# Yari content scripts

Below is an overview of each important script that works with the content.

## `build`

Probably the most important script because it turns the raw content into
`index.json` files (for each document) that can be rendered to ready and
finished `index.html` files. You execute it like this:

    node content build --help
    node content build  # build everything
    node content build -l fr -l en-US -f Web -s CSS --no-cache  # example options

The basic patterns is that it picks up files from `content/files/**/index.html`
(combined with `content/files/**/index.yaml`) and converts the raw HTML into
rendered HTML and packages that up into a format that the renderer requires.
The format is pretty simple but it's generally like this example:

```json
{
  "sidebarHTML": "<ol>\n   \n            <li>....",
  "title": "<datalist>: The HTML Data List element",
  "mdn_url": "/en-US/docs/Web/HTML/Element/datalist",
  "body": [
    {
      "type": "prose",
      "value": {
        "id": null,
        "title": null,
        "content": "<div></div>\n\n<p>..."
      }
    },
    {
      "type": "browser_compatibility",
      "value": {
        "title": "Browser compatibility",
        "id": "Browser_compatibility",
        "data": {
          "__compat": {...}
        }
      }
    },
    {
      "type": "prose",
      "value": {
        "id": "Polyfill",
        "title": "Polyfill",
        "content": "<p>Include ..."
      }
    },
    {
      "type": "prose",
      "value": {
        "id": "See_also",
        "title": "See also",
        "content": "<ul>\n <li>The ..."
      }
    }
  ],
  "popularity": 0,
  "last_modified": "2019-11-26T11:31:11.202Z"
}
```

The rendered HTML, after running `KumaScript` is essentially split by the
`<h2>` tags and for each "section" it tries to be clever. And if it can't
be clever it just treats it as a block of "prose" with the full HTML as is.
One example of cleverness is turning a rendered "Browser Compatibility"
HTML table into the raw data directly from the `mdn-browser-compat-data`
third-party dependency.

### Thread-safety

The build script is only guaranteed to be safe to run across multiple
processes if split by locale. For example, if you run, in two different
terminals:

    # Terminal 1
    node content build -l en-US

    # Terminal 2
    node content build -l en-US

...you're looking for trouble :)

But you can, and is encouraged to do something like this:

    # Terminal 1
    node content build -l en-US

    # Terminal 2
    node content build -l fr -l ja

### Caching

By default, the inputs to the actual inner core of processing is recorded and
hashed to disk. That means that for every built `index.json` there's also
a `index.hash` which might look like this:

    ▶ cat content/build/en-US/Web/CSS/Specificity/index.hash
    e7818e31d083.fe92ed979786

That hash digest is `<scripts>.<inputfiles>`. This means that the hash
is partly made up of the current has of `package.json` and all the
`scripts/*.js` files. So if a new package is upgrade or the source code
to the build script is edited, the hash will always lead to a cache miss.
The second part is the hash digest of the content of each folder's
`index.html` and `index.yaml` content.

You can force cache misses for all documents with the `--no-cache` option.

### Filtering

The most important filtering is the locale. E.g.
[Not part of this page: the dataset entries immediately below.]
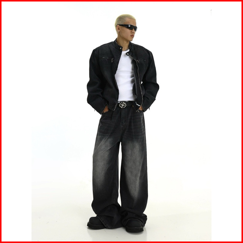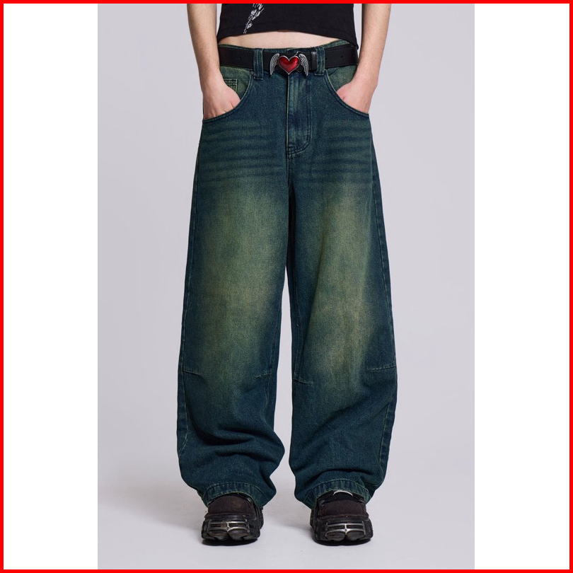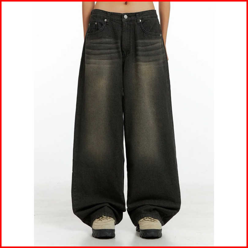 Celana Jeans Gombrong Skena Wide Legs Loose Fit Bahan Denim Hitam Whisker Celana Gombrang Baggy
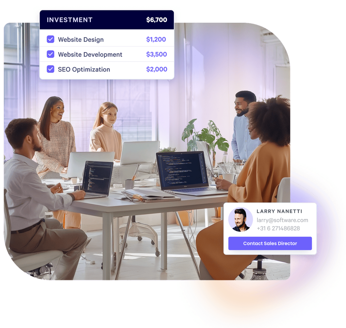 Send every proposal as a customized, private website. Include dynamic images and videos, as well as interactive elements like pricing cards and ROI calculators to give your buyers a unique and memorable experience.
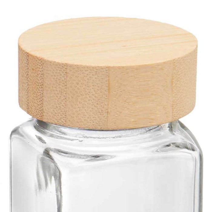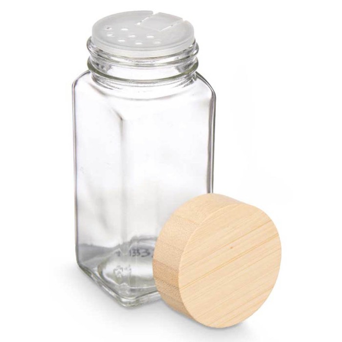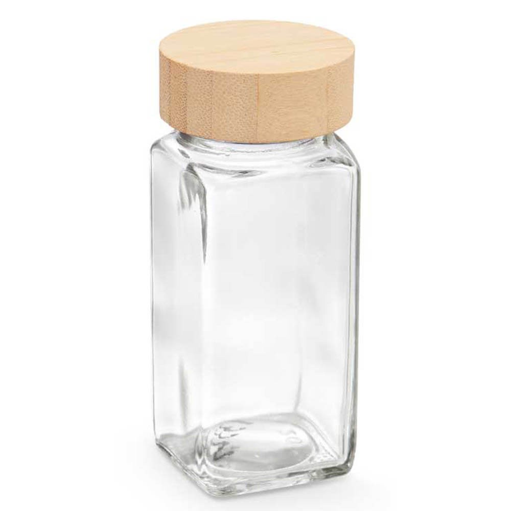 Especiero de cristal con tapa de bambú y tapón perforado. Perfecto para conservar especias y organizar la cocina. Medidas: 4,5 x 4,5 x 11 cm.
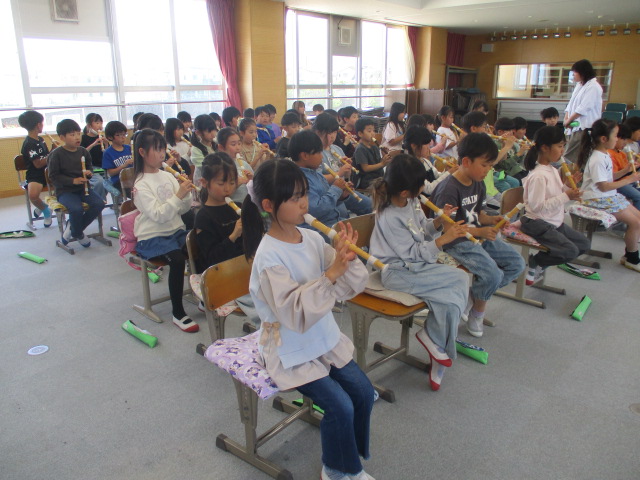 これからリコーダーの演奏の学習をがんばるぞという意欲をもった3年生でした。
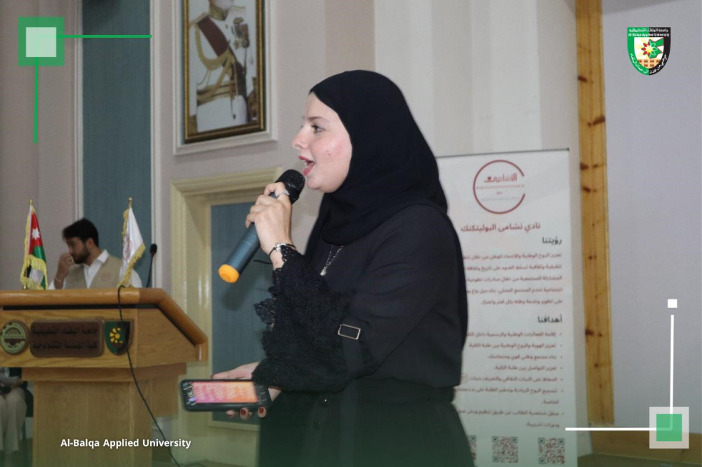 كما ألقى الدكتور يزن الزعبي، مساعد العميد للشؤون الطلابية، كلمة أكد فيها حرص قسم الشؤون الطلابية على دعم الطلبة في مختلف المجالات الأكاديمية واللامنهجية، من خلال رعاية الأندية الطلابية وتشجيع المواهب، وتوفير الفرص التي تسهم في تعزيز الإبداع والابتكار بينهم.
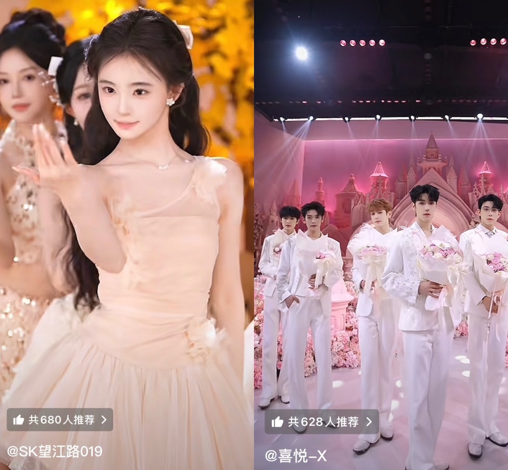 还有“人气王”环节——谁票高谁就赢,会直接影响第二天能不能站C位。比如,有的环节是“跑车换C”,谁收到一辆跑车礼物,谁就能在C位跳一段。
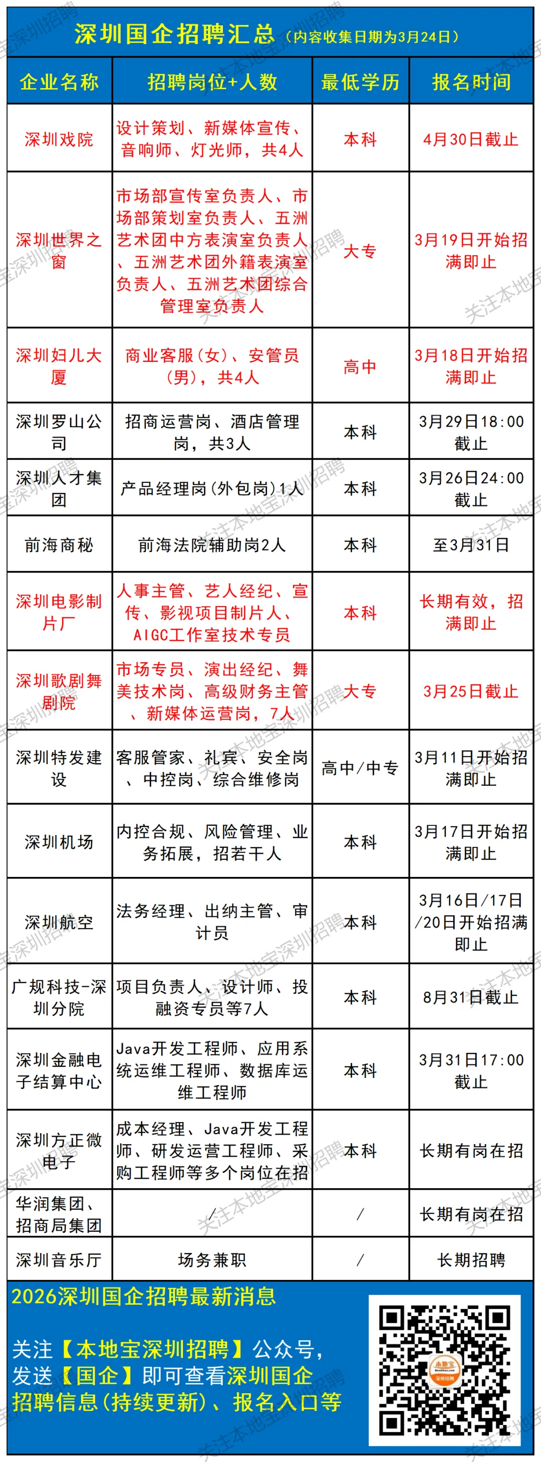 ⭐推荐服务:扫描下方二维码,关注【本地宝深圳招聘】公众号,回复【国企】,即可获取深圳国企招聘最新公告+岗位详情、报名入口、岗位查询

    node content build -l fr -l ja

will only build the files in `content/files/fr/` and `content/files/ja/`.

On top of that you can also filter by folder and/or by slug. The matching
is accumulative meaning if you run:

    node content build -f Web -f HTTP -s foo -s ab/cd

...it means it will only look into folder names that contain the
string `Web` **or** the string `HTTP`. And on top of that it will only look
for documents whose slug contains the string `foo` **or** `ab/cd`. In SQL
terms it would be:

```sql
WHERE
    (folder LIKE '%Web%' OR folder LIKE '%HTTP%')
    AND (slug LIKE '%foo%' OR slug LIKE '%ab/cd%')
```

If you're only interested in French and English (US) for example, it might
get tedius to have to type `-l fr -l en-US` every time. In that case you
can put `BUILD_LOCALES=fr,en-US` in your `.env` file.

### Google Analytics popularities

If you supply an exported Google Analytics CSV file, it wll be parsed, and
incorporated in the build process so that every produced `index.json` will
a floating point number called `popularity`. How to generate a CSV file
from Google Analytics of all pageviews is not documented here but if you have
a file on disk you can use it like this:

    node content build -l en-US --googleanalytics-pageviews-csv ~/tmp/Pages.csv

This will be important for the eventual rendering as its search can find
things more conveniently be listing them in order of popularity.

## `import`

To be continued. The `import` command is primarily for the core team only
and is designed to only last a short while.